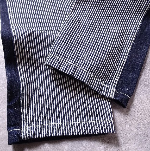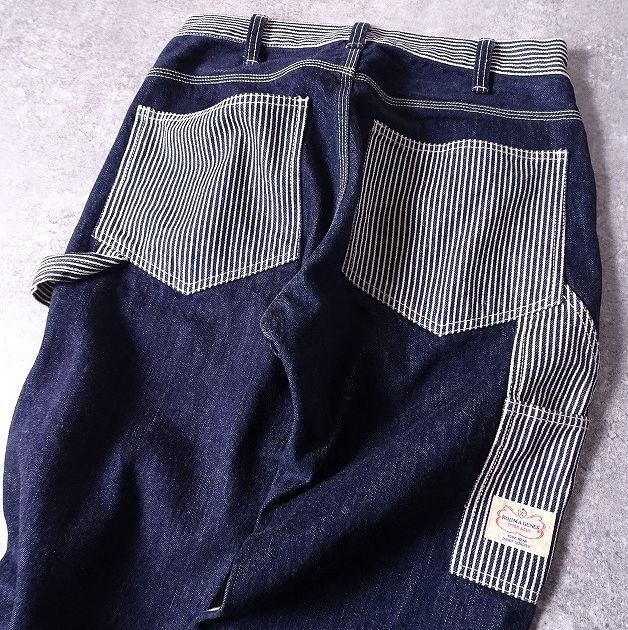 KOJIMA GENES 児島ジーンズ デニム×ヒッコリー 切替え ワーク ペインターパンツ パッチワーク 日本製 インディゴ ジーンズ メンズ (30) ●o-722
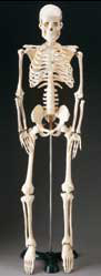 - Mr. Thrifty Skeleton. An economical teaching skeleton with a user-friendly personality that will encourage children to learn the names of the bones, and with enough details to satisfy students, doctors or anyone interested in the human skeleton. Key card and a heavy metal stand included. Has a removable calvarium. Size: 33-1/2" tall.
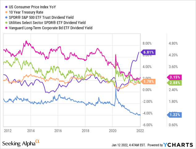 The broader stock market (SPY) yields only 1.5%, which is expected, but even if you favored historically higher-yielding sectors like utilities (XLU), you wouldn't get more than a 4% yield, which turns into a negative -3% after taxes and inflation.
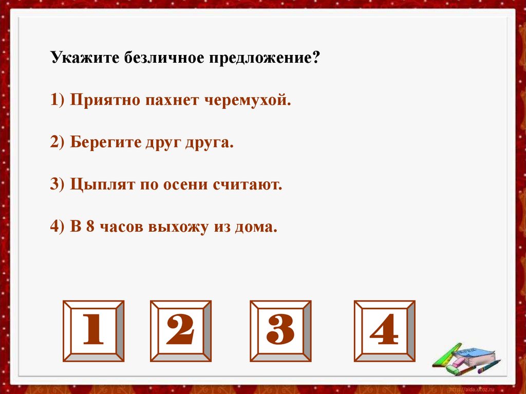 Укажите безличное предложение?1) Приятно пахнет черемухой.
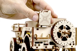 Elk onderdeel van het model, met een afmeting van ongeveer 27,9 x 15,1 x 14,8 cm, is laser-gesneden voor nauwkeurige en soepele montage. Breng tot slot was aan om een soepele werking van de tandwielen en assen te garanderen. Voor de montage zijn een afbreekmes, schaar, schuurpapier en een kaars nodig (uitrusting niet inbegrepen).
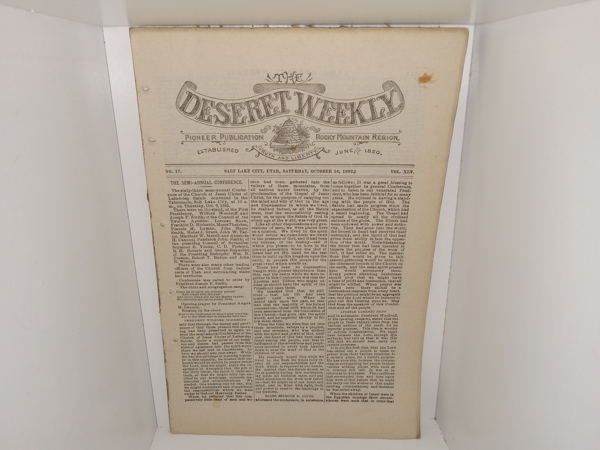 The Deseret Weekly: Vol. 45, No. 17, Salt Lake City, Utah, Saturday, October 16, 1892
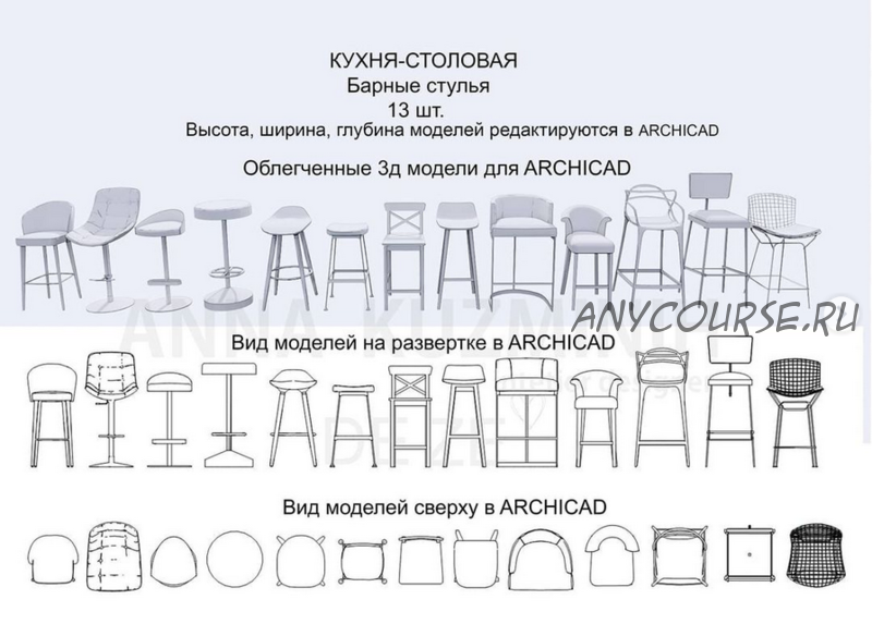 Облегченные Зd модели для ArchiCAD. Блок Кухня-столовая (anna.kuzminih)
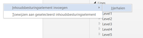 - Selecteer de regel van het eerste niveau, klik met uw rechtermuisknop op de node Level1 en kies de optie Inhoudsbesturingselement invoegen en vervolgens de optie Herhalen.
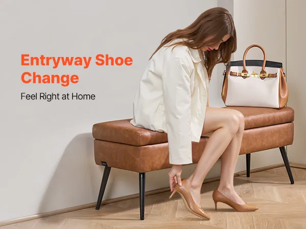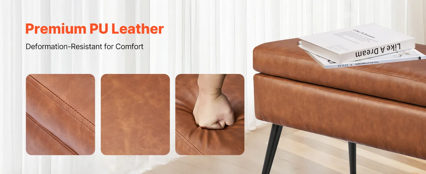 VEVOR Leather Storage Ottoman Bench, PU Leather Bench with Storage and Metal Legs, Upholstered Shoe Benches Seat for Entryway, Modern End of Bed Benches for Living Room, Dining Room, Hallway, Brown
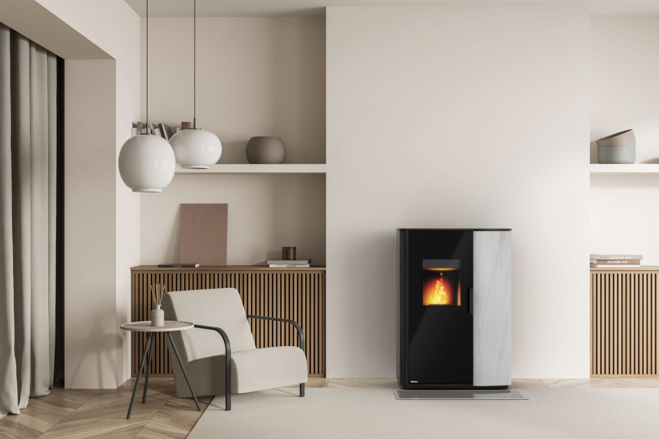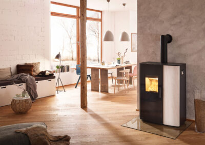 – het gemak van een pelletkachel en de gezellige vlam van een houtkachel
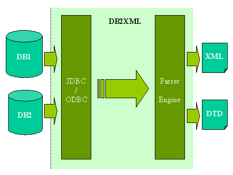 DB2XML中通過(guò)JDBC或JDBC-ODBC橋接各種現(xiàn)存的數(shù)據(jù)庫(kù),訪問(wèn)數(shù)據(jù)庫(kù)中的表;通過(guò)XML parser構(gòu)造出代表數(shù)據(jù)庫(kù)內(nèi)容的XML文件。DTD文件描述了從數(shù)據(jù)庫(kù)中的表到XML文件的對(duì)應(yīng)關(guān)系。上圖描述了DB2XML的輸入輸出關(guān)系。事實(shí)上DB2XML是按照以下步驟完成轉(zhuǎn)化工作的:
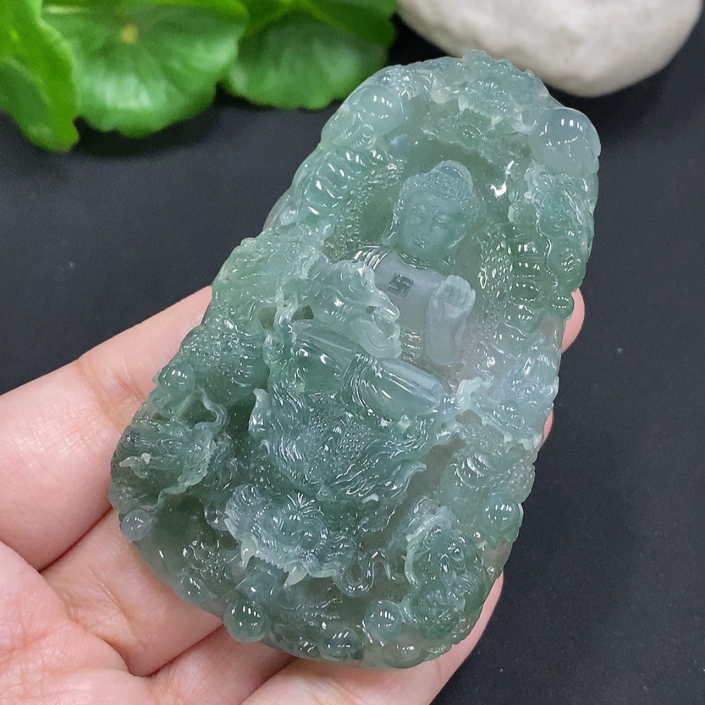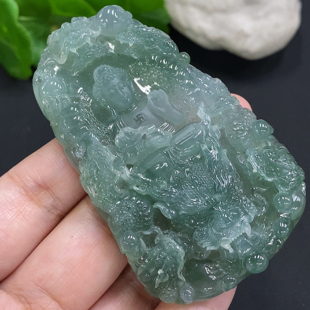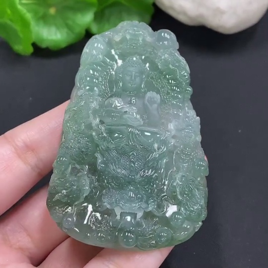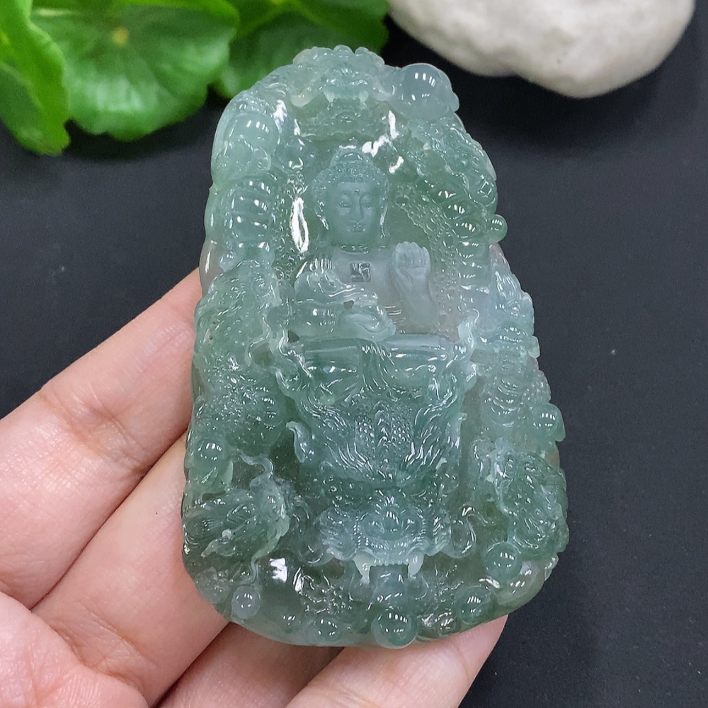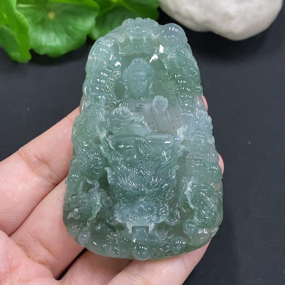 Jadeite Amitabha Buddha Pendant, Total Weight Approximately 65.2 Grams

Action item: Exactly as they appear, print the lines of the listing above from its first line through the line that contains "- Mr. Thrifty", minus the pictures.

Exercise result:
 KOJIMA GENES 児島ジーンズ デニム×ヒッコリー 切替え ワーク ペインターパンツ パッチワーク 日本製 インディゴ ジーンズ メンズ (30) ●o-722
 - Mr. Thrifty Skeleton. An economical teaching skeleton with a user-friendly personality that will encourage children to learn the names of the bones, and with enough details to satisfy students, doctors or anyone interested in the human skeleton. Key card and a heavy metal stand included. Has a removable calvarium. Size: 33-1/2" tall.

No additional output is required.